CREATE INDEX RKFace_imageId_index on RKFace(imageId);

The question is, which table should be JOIN-ed against? Lets start by looking at an RKMaster record from Library.apdb given the name aligns with the Masters/ directory.

$ sqlite3 -line Library.apdb 'SELECT * FROM RKMaster LIMIT 1'
                   modelId = 1
                      uuid = LnGAi0CuSr+vPGWunW26tA
               fingerprint = AVujFE+Yg51mLA6iKEcwIQ2n14XU
               orientation = 6
                      name = IMG_0031.JPG
                createDate = 484283367.792741
                 isInTrash = 0
               inTrashDate = NULL
         cloudLibraryState = 0
             hasBeenSynced = 0
        isCloudQuarantined = 0
            fileVolumeUuid = NULL
           fileIsReference = 0
                 isMissing = 0
                  duration = NULL
      fileModificationDate = 468983941
                bookmarkId = NULL
                  fileSize = 1906431
                     width = 4032
                    height = 3024
                       UTI = public.jpeg
           importGroupUuid = NP4olZ57Q1aA1vriXknJJg
       alternateMasterUuid = NULL
       originalVersionName = IMG_0031.JPG
                  fileName = IMG_0031.JPG
      isExternallyEditable = 0
                isTrulyRaw = 0
            hasAttachments = 0
                  hasNotes = 0
                 imagePath = 2016/05/07/20160507-030928/IMG_0031.JPG
                 imageDate = 468994741.348
          fileCreationDate = 468983941
          originalFileName = IMG_0031.JPG
          originalFileSize = 1906431
                importedBy = 3
                 burstUuid = NULL
            importComplete = 1
imageTimeZoneOffsetSeconds = -28800
          photoStreamTagId = NULL
              mediaGroupId = NULL
    hasCheckedMediaGroupId = 1

Sure enough, there’s an imagePath field with a relative filename string. Furthermore, it matches one of the images in the tree output of the Masters/ directory above. We’re on the right track.

Now to use RKFace.imageId to find the matching RKMaster record. RKMaster.uuid is the same length with a similar set of random alpha-numeric characters.2

$ sqlite3 Library.apdb "SELECT count(*) FROM RKMaster WHERE uuid = '49RT+c2xRB6yWYs8attNuA'"

No records so RKFace.imageId isn’t a foreign key to RKMaster. Given the small database and lack of another table to check we’ll resort to a brute force search. That’ll rely on the sqlite .dump command which outputs raw SQL commands that can reconstruct an exact clone of a given database. Piping the result through grep with our given id should find the record.

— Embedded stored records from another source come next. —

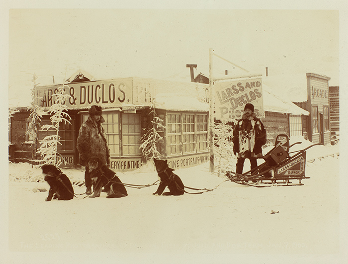 Joseph E.N. Duclos (1863–1917) and Per Edward Larss (1863–1941) in front of their Dawson City photography studio, with dog team and Larss & Duclos sled, around 1898. Unidentified photographer. The Huntington Library, Art Collections, and Botanical Gardens.
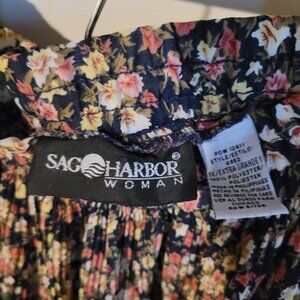 Vintage Sag Harbor Floral Pleated Crinkle Elastic Waist Midi Skirt SZ 1X
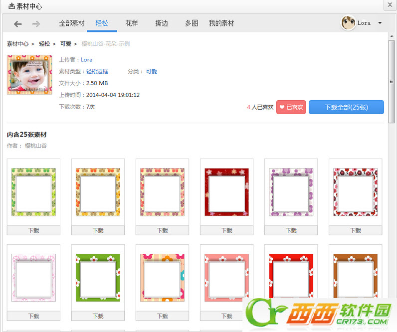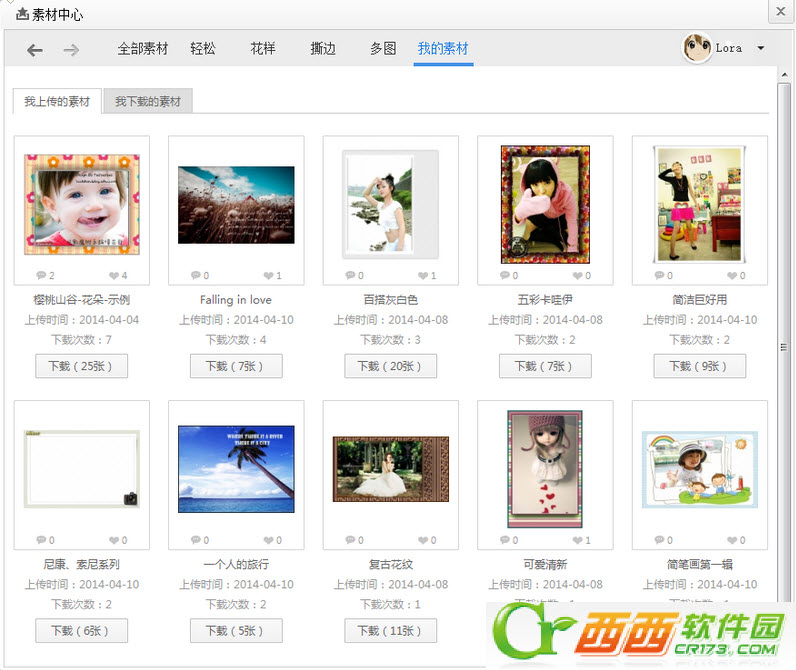 素材下载: 素材会自动下载到相应的分类下,下载完成后可直接在边框中使用,无须再导入,非常方便
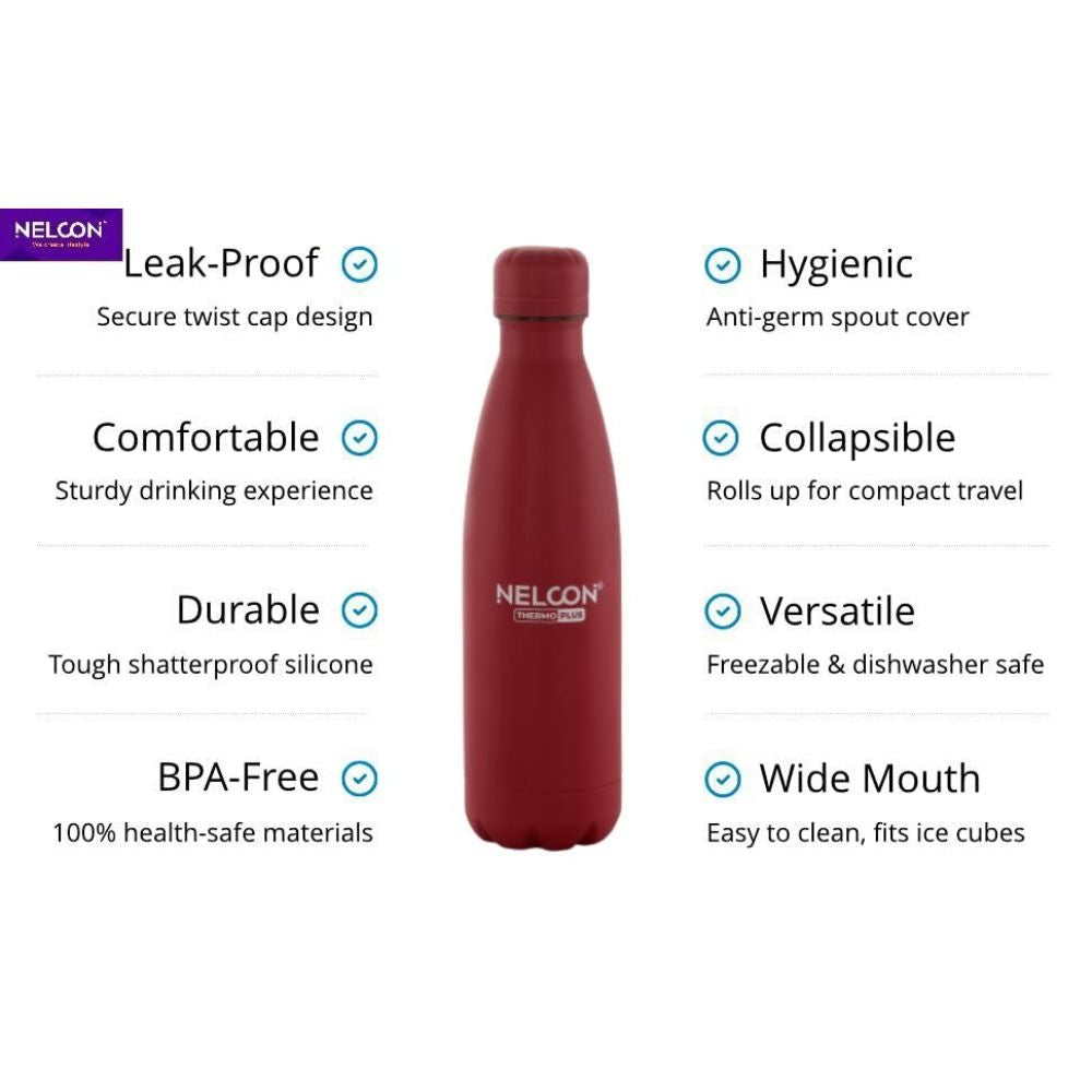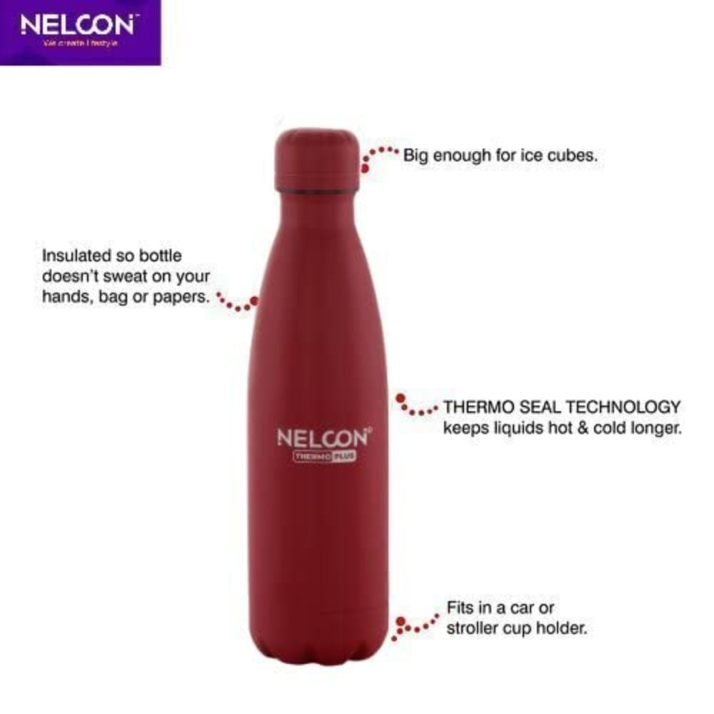 Nelcon Stainless Steel Cola Thermoplus 1000 ML Water Bottle | Dusky Red | 1 Pc
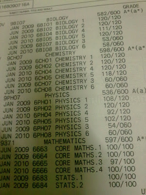 To my surprise, I've successfully secured the 3 asterisks for Biology, Chemistry and Maths. Failing to get an asterisk for Physics is just predictable so I have no special feeling about it when I got to know it's not with an * beside the (A). I'm glad anyway cos overall I'm still an A-student for my A2 Physics though am not as good as some of my really extremist-like mates who have got A* and all full marks (they have robot-built brains, indeed)
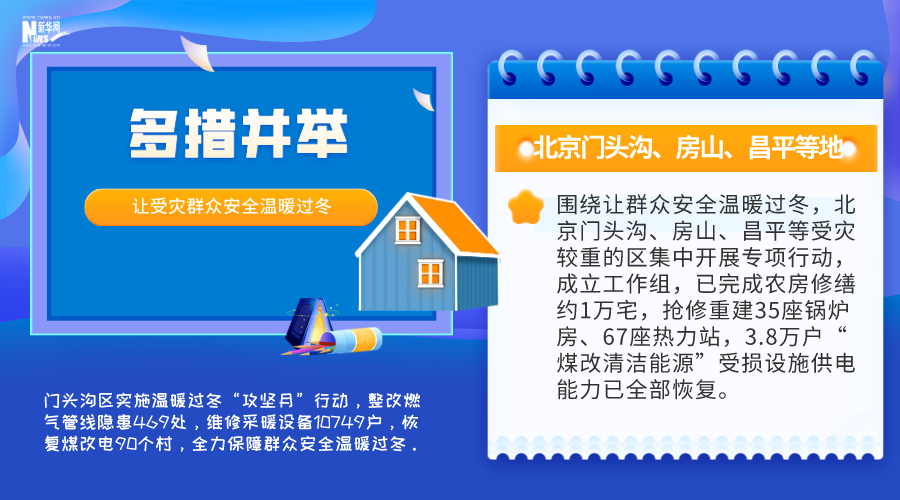 圍繞讓群眾安全溫暖過冬,北京門頭溝、房山、昌平等受災較重的區(qū)集中開展專項行動,成立工作組,已完成農(nóng)房修繕約1萬宅,搶修重建35座鍋爐房、67座熱力站,3.8萬戶“煤改清潔能源”受損設施供電能力已全部恢復。
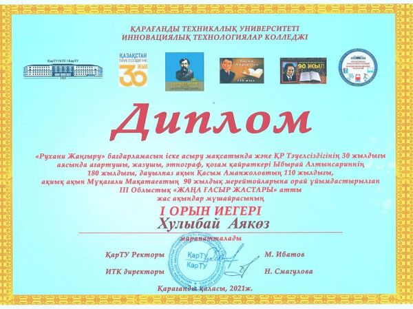 III Облыстық "ЖАҢА ҒАСЫР ЖАСТАРЫ" атты жас ақындар мүшәйрасының I Орын иегері мектебіміздің 11-сынып оқушысы- Хулыбай Аякөз марапатталды.
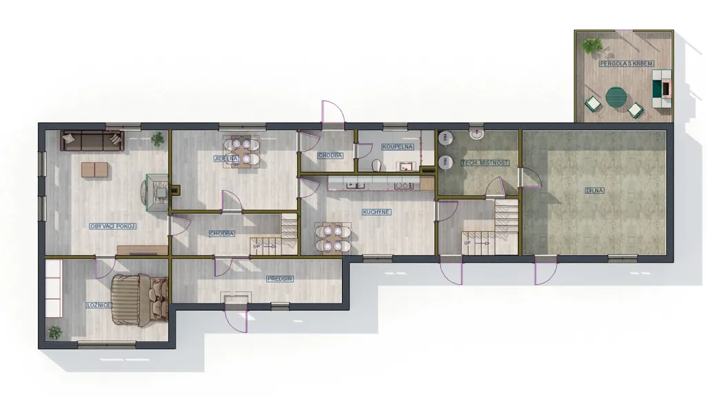 Do domu se vstupuje z uzavřeného dvora do předsíně, odkud pokračujete dále chodbou. Z chodby vede dřevěné schodiště do obytného podkroví. V přízemí se nachází kuchyně, samostatná jídelna, obývací pokoj, ložnice, koupelna s toaletou a druhý vstup, který vede přímo na zahradu.
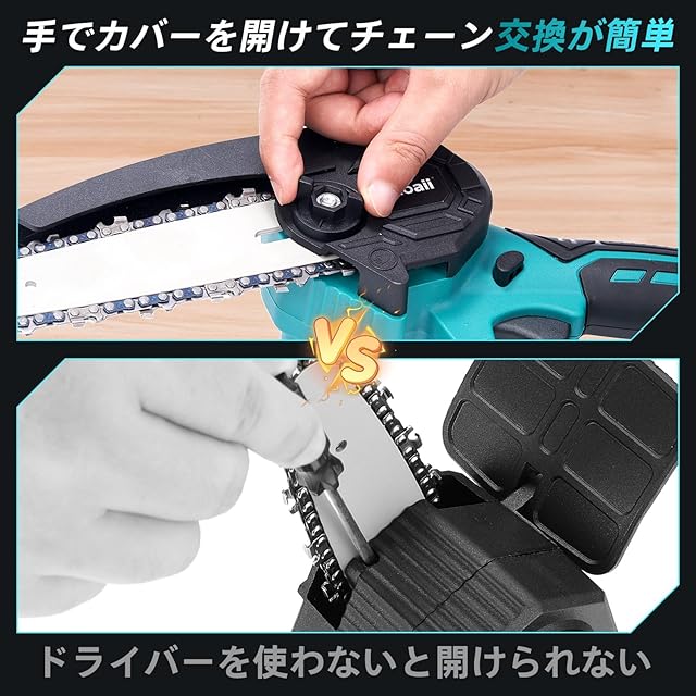 【純銅モーター&耐久性UP】このチェンソーは強力な純銅モーターと深い焼入れた高硬度で耐磨耗性に優れているチェーンを採用して、切断性能を向上させるだけでなく、耐用年数を延ばすことができます。また、この充電式 チェーンソーは、高エネルギー消費と高騒音の問題を解決することに専念し、アップグレードされた製品は、高効率と低消費、安定性と低騒音を備えています。これに加えて、交換可能な6インチのチェーンも用意されています。
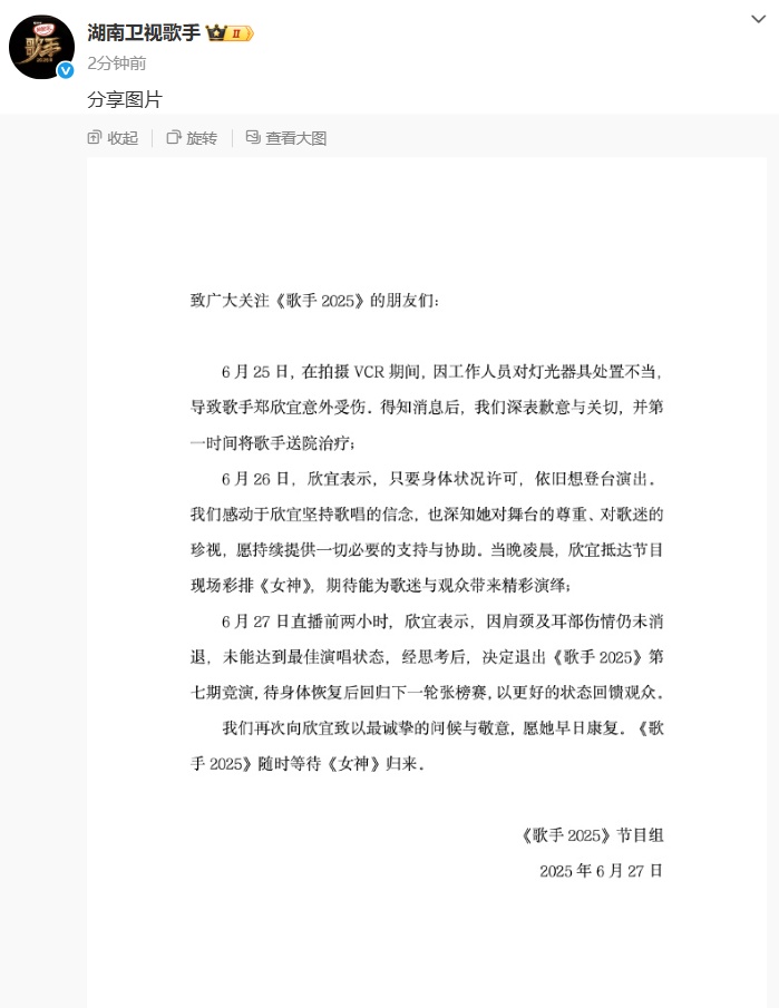 6月27日,@湖南卫视歌手发文,称郑欣宜受伤,因肩及耳部伤情仍未消退,未能达到最佳演唱状态,经思考后,决定退出《歌手2025》第七期竞演。

$ sqlite3 Library.apdb .dump | grep '49RT+c2xRB6yWYs8attNuA'
INSERT INTO RKVersion VALUES(6,'49RT+c2xRB6yWYs8attNuA',1,NULL,NULL,499659066.52122598075,0,0,NULL,0,-1,0,0,NULL,0,2,'UNADJUSTEDNONRAW','DSC00004.JPG',0,496452726,NULL,-25200,NULL,0,499659066.52122802356,1,'xoCatkSMRueQxFJSb1kxpw',6,NULL,'xoCatkSMRueQxFJSb1kxpw','GMT-0700',0,0,1,4000,6000,4000,6000,NULL,0,NULL,NULL,NULL,NULL,NULL,4,0,NULL,NULL,NULL,1,NULL,NULL,NULL,4,0,NULL,NULL,32,0,'H8M6+2XgSYaziE9rUY2WdQ',0,NULL,1,'UNADJUSTEDNONRAW',NULL,'UNADJUSTEDNONRAW',NULL,NULL,NULL,NULL,NULL,NULL,2,0);
$ sqlite3 Library.apdb '.schema RKVersion' | tr , \\n | head -3
CREATE TABLE RKVersion (modelId integer primary key autoincrement
 uuid varchar
 orientation integer

So, RKVersion is the table we’re after and it’s second column is also named uuid. Lets cleanup the output and determine how to join it with RKMaster.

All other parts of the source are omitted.